Mémoires du marquis d’Argens/Lettres/IX
Le quart des habitans de Bruxelles sont appelés monseigneur#1. Il y a plus d’Excellences dans cette ville qu’il n’y a à Rome, d’évêques in partibus. En Flandre tout est baron, comte, marquis. Les Allemands sont des bourgeois sur le préjugé de la noblesse, eu égard aux Flamands. Un homme, dès qu’il s’éveille le matin, prend grand soin de se dire à lui-même qu’il est gentilhomme ; le reste de la journée, il ne le laisse ignorer à personne ; et quiconque l’approche, l’apprend bon gré malgré qu’il en ait. Les seigneurs bruxellois sont dans une consternation infinie de ce que la présence de l’archiduchesse[1] les empêche de se promener dans la ville en carrosse à six chevaux. Leurs seize quartiers sont blessés de n’être voiturés que par deux.
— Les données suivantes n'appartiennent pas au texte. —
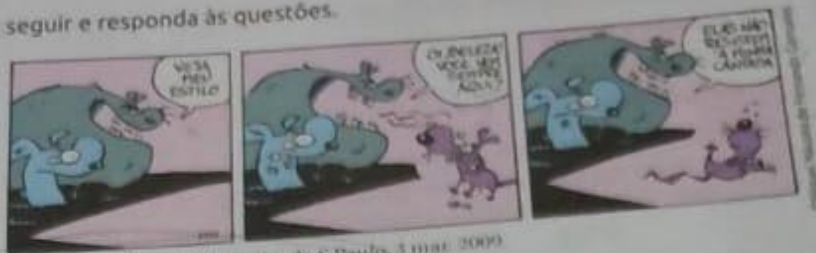
GONSALES, Fernando. Folha de S.Paulo, 1 mar. 2009

5 Leia a tira a seguir e responda às questões.
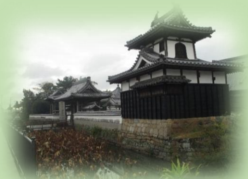
城郭寺院・本證寺(安城市)
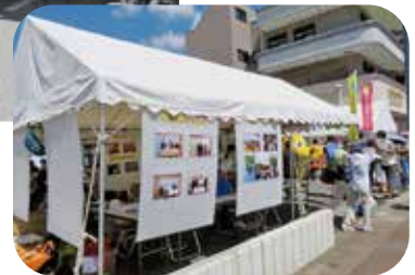
R4. 10. 8~9 尾張旭市民祭
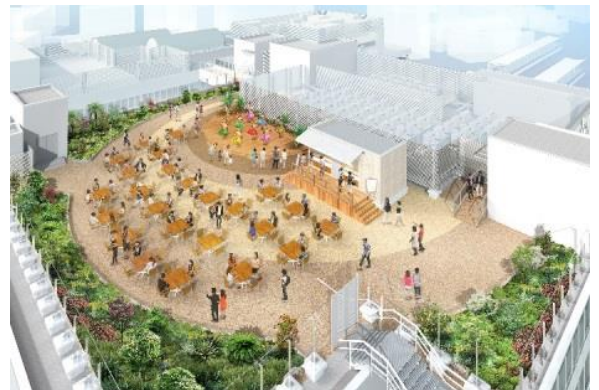
屋上広場イメージ
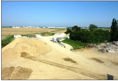
La zone de stockage de la plate-forme avec différents matériaux (sables, gravillons, déblais...).

Ensuite, pour réaliser la couche de forme, il a fallu, dans un premier temps, acheminer les matériaux recyclés et prétraités à la chaux provenant de la plate-forme de revalorisation de RCM, sise à Montereau-sur-le-Jard ; et dans un second temps, mener l'opération de mise en œuvre du matériau sur 40 cm, pour une épaisseur finale de 35 cm, afin de tenir compte du compactage et de la recoupe finale. Cette phase est très importante, car un bon réglage ne peut être garanti que s'il y a une recoupe de la couche après traitement. Aucun apport n'est possible dans la phase de réglage. « Une étape-clé a été la parfaite humification du matériau. Pour obtenir une teneur en eau optimale, nous avons employé une arroseuse à enfouissement (20 l/m 2 ), puis réalisé un malaxage d'homogénéisation au malaxeur , et ce préalablement aux opérations de traitement de la couche », explique Laurent Simon.

La peinture est ici dans un triste état. Il ne reste plus de l’école de Rubens et de Van Dyk, que quelques tableaux dans les églises et dans les cabinets des curieux. Les peintres répandus aujourd’hui dans la Flandre, sont de véritables barbouilleurs. Il y en a un à Bruxelles qui copie parfaitement. Mais qu’est-ce que cela, eu égard aux grands hommes qui ont vécu dans ce pays ?
Une comédie française de Province roule dans les grandes villes. Je lui ai vu estropier le Rhadamiste de Crébillon.
Rousseau est ici[2]. On y pense sur lui comme nous faisons à Paris. On estime son édition de Soleure ; on ne lit point ses derniers ouvrages.
- ↑ Bruxelles était du temps où écrivait le marquis d’Argens, peuplé d’une foule de nobles et de grands seigneurs qui fréquentaient la cour du gouverneur-général.
- ↑ Voyez plus haut ce que nous avons dit de J. B. Rousseau. Après avoir joui quelque temps de l’amitié du duc Daremberg, il se brouilla avec lui, quitta Bruxelles, et y revint mourir.